2014.2月定例県議会-発言内容(中川博司議員)


◆中川博司

 改革・新風の中川博司です。最初に、障害者福祉の課題についてお伺いいたします。

 障害者への支援は、2003年、新障害者基本計画のもとで、それまでの措置から契約に180度転換する支援費制度が導入され、障害者の皆さん自身がサービスを選択できるようになりました。

 そして、2006年から始まった障害者自立支援法は、障害の種別にかかわらずサービスを一本化しましたが、応益負担となり、障害の程度が重い人ほどたくさんのサービスを受け、自己負担が多いという矛盾を抱えていました。2012年には、障害者自立支援法は、応益負担は応能負担に、発達障害者を対象にするなどの改正が行われたところです。さらに、2013年、難病患者も対象とすることなどを含めた障害者総合支援法が施行され、今日に至っています。

 この間の大きな特徴は、一つには措置から契約に変わったこと、二つには施設から地域へと変わったことだと思います。

 そこで、今日的な障害者福祉の課題について何点かお伺いいたします。

 最初に、重度身体障害者のグループホームの現状と対策についてお伺いいたします。

 長野県障害者プラン2012の基本的視点でも地域での自立支援をうたい、障害者入所施設の新設、増設は行わず、グループホームの整備を推進しています。
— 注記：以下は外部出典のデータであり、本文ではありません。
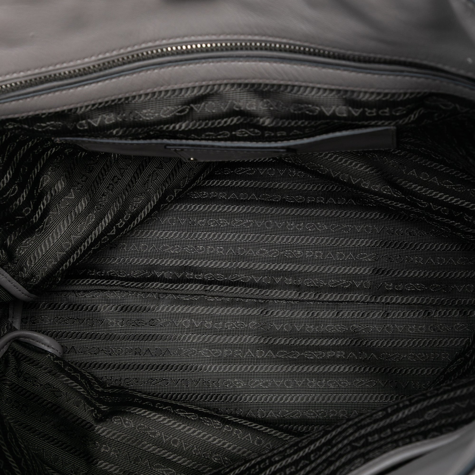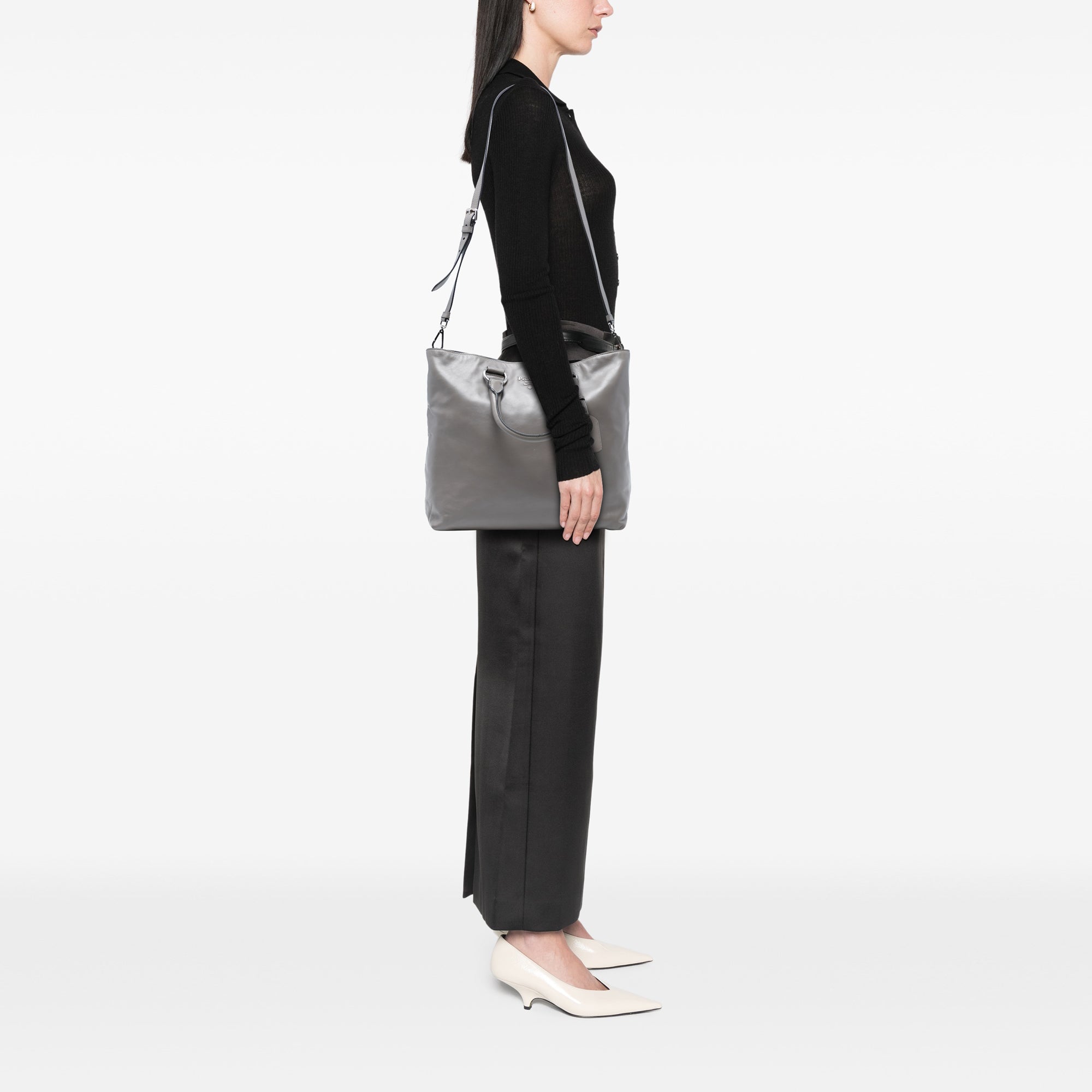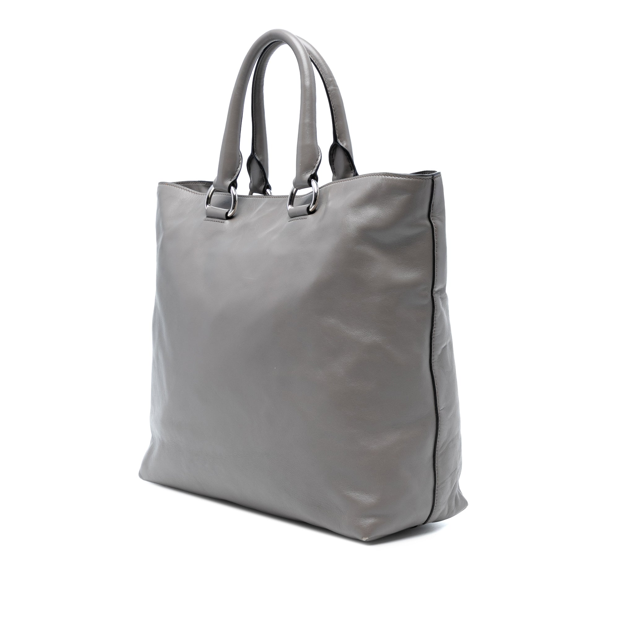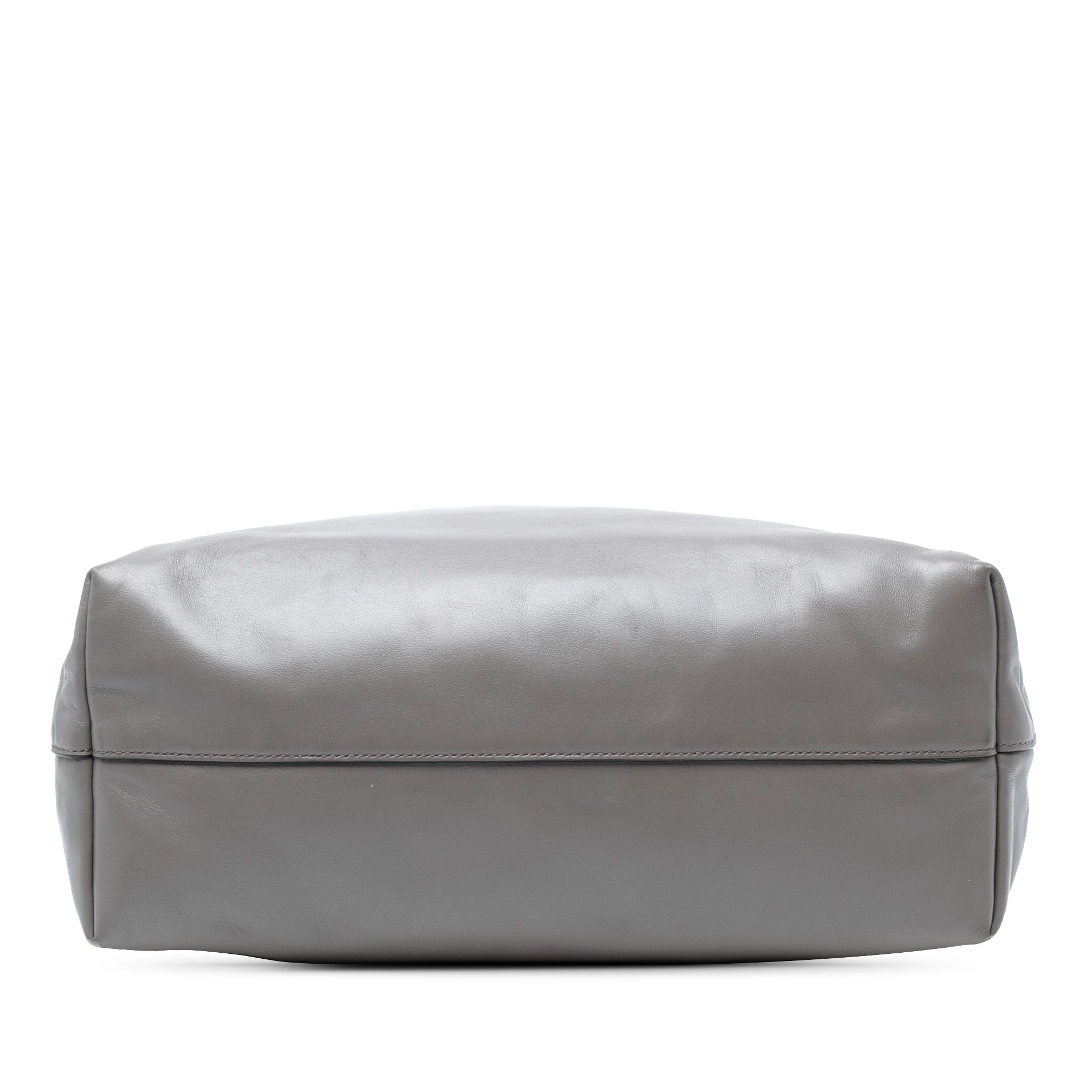 This satchel features a leather body, rolled leather top handles, a detachable and adjustable flat leather shoulder strap, an open top with magnetic snap closure, and interior zip and slip pockets. Retail Price: 1150.00

しかし、重度の身体障害者の皆さんが施設に入りたくても入れない状態が続いているとお聞きしましたが、現在の障害者支援施設への待機者の状況はどうなっているでしょうか。

 グループホームの整備が極めて重要であると考えますが、現状ではグループホームができるまで自宅や病院で待っています。重度身体障害者を含めた現在のグループホームの整備状況及び今後の見通しについてお伺いいたします。

 次に、福祉施設での看護師不足対策についてお伺いいたします。

 重度の身体障害者が利用しているグループホームや施設では医療的ケアが不可欠です。しかし、現状では、慢性的な看護師不足の中で医療機関との連携が十分とは言えません。今後、グループホームの利用者の高齢化や障害の重度化が進む中で、国や県はどのような施策を考えているのでしょうか。

 障害福祉サービス等の計画相談の実態と課題についてお伺いいたします。

 平成24年度の障害者自立支援法の改正で、平成27年度から、障害のある方が障害福祉サービス等を利用する際には、介護保険制度におけるケアプランと同様の相談支援事業所の計画相談に基づくサービス等利用計画の作成が義務づけられたところです。平成26年度末を目標に各圏域ではサービス等利用計画の作成作業に取り組まれていますが、思うように進んでいない現状があるとお聞きしました。長野県における状況、進まない理由と対策をお伺いいたします。

 以上、健康福祉部長にお伺いいたします。

 次に、高等学校における障害者支援について教育長にお聞きいたします。

 県内の高等学校では、最近、発達障害を含む障害のある生徒への対応や支援が課題となっているとお聞きしました。特に就職などの進路指導においては、就職先の選択や支援方法などで専門知識に乏しく悩んでいる学校や教員も多く、また、何とか就職しても定着できず退職する方もいるようです。高等学校の障害のある生徒の皆さんへの支援はどのように行われているか。教育長にお聞きいたします。

 

◆健康福祉部長(眞鍋馨)

 障害者福祉につきましてお尋ねをいただいております。順次お答え申し上げます。

 まず、障害者支援施設の待機者数でございますけれども、本県では毎年2月1日時点での圏域別の待機者を調査しております。それによりますと、本年2月1日現在の待機者数は全体で161名でありまして、これは昨年度より63名の減となっております。このうち重度身体障害者向けの生活介護施設を希望する方は88名でありまして、これも昨年度より13名の減となっております。また、保護者の高齢化等によって緊急度の高い待機者は32名ということでありまして、昨年度より21名の減となっております。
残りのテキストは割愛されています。